Ostriv Velykyi Potomkin is located within the Dnipro River as a river island. Two small lakes known as Lake Zakitne and Lake Nazarove-Pohorile are contained within the island. The island is divided into two parts by the Strait of Pudov (Пудова Протока), which flows through its center. The total land area of the island is approximately 25 square kilometers, located around 5 kilometers to the south of Kherson city and 2 kilometers to the north of the town of Hola Prystan.

== History ==
=== Medieval period ===
Being located along the historic route from the Varangians to the Greeks, Ostriv Velykyi Potomkin had strategic significance for the Kyivan Rus', who established settlements on it and used it as their primary Black Sea port. Some historians believe that the historical city of Oleshia was located on the island, whereas others believe it was closer to modern Oleshky. Regardless of which view is correct, archaeological excavations have found evidence of the island's settlement during the period of the Kyivan Rus'.

According to the Institute of Archaeology of the National Academy of Science of Ukraine, in the 14th century, Ostriv Velykyi Potomkin became a trading post of the Republic of Genoa, one of many Genoese colonies along the Black Sea.

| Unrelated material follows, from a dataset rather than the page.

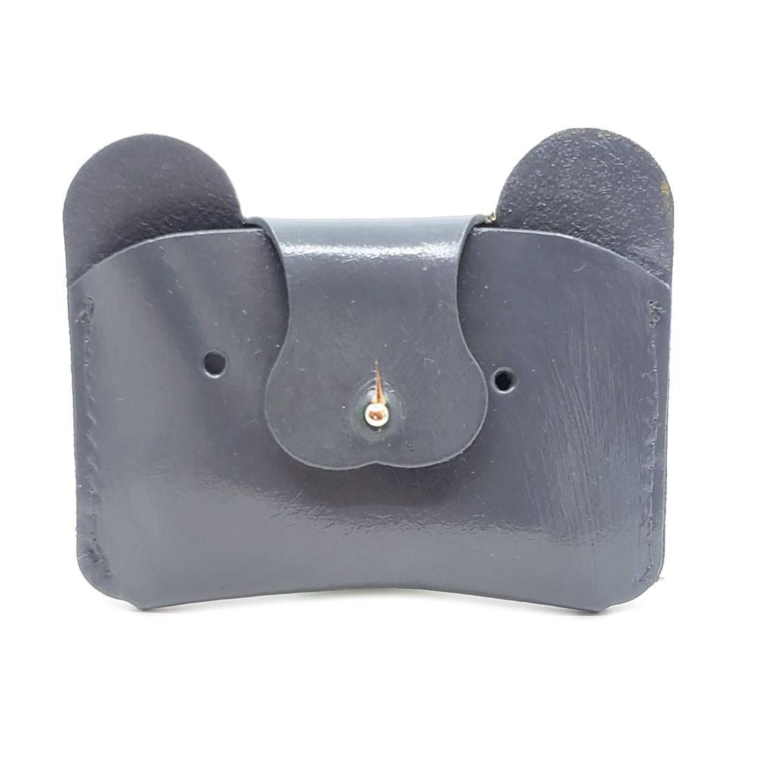 This compact gray bear-shaped wallet is handcrafted from high-quality leather, blending playful design with everyday function. Each piece is carefully made using repurposed leather scraps, making it both eco-conscious and one of a kind. Perfect for cards, folded cash, or small essentials.

=== Russian and Soviet period ===

After it was conquered by the Russian Empire, following the annexation of the Crimean Khanate in 1783, the island was renamed after Russian prince Grigory Potemkin (Григорій Потьомкін), gaining the name it officially retained until 2025.

During the Second World War, Ostriv Velykyi Potomkin was used as an outpost by Ukrainian partisan detachments opposing the German occupation of Ukraine, who made use of the lower Dnipro river's floodplains to arrange sabotage operations against the Nazi German invaders.

=== Independent Ukraine and Russian invasion ===

Following the 2022 Russian invasion of Ukraine, Ostriv Velykyi Potomkin came under Russian occupation in the early period of the conflict as a result of the Southern Ukraine campaign. During the 2022 Ukrainian southern counteroffensive in November, it returned to Ukrainian control on 11 November, along with the nearby regional capital of Kherson. However, by 15 December 2022, it was confirmed that Russian forces had re-occupied the island, and had begun forcibly deporting civilians from it.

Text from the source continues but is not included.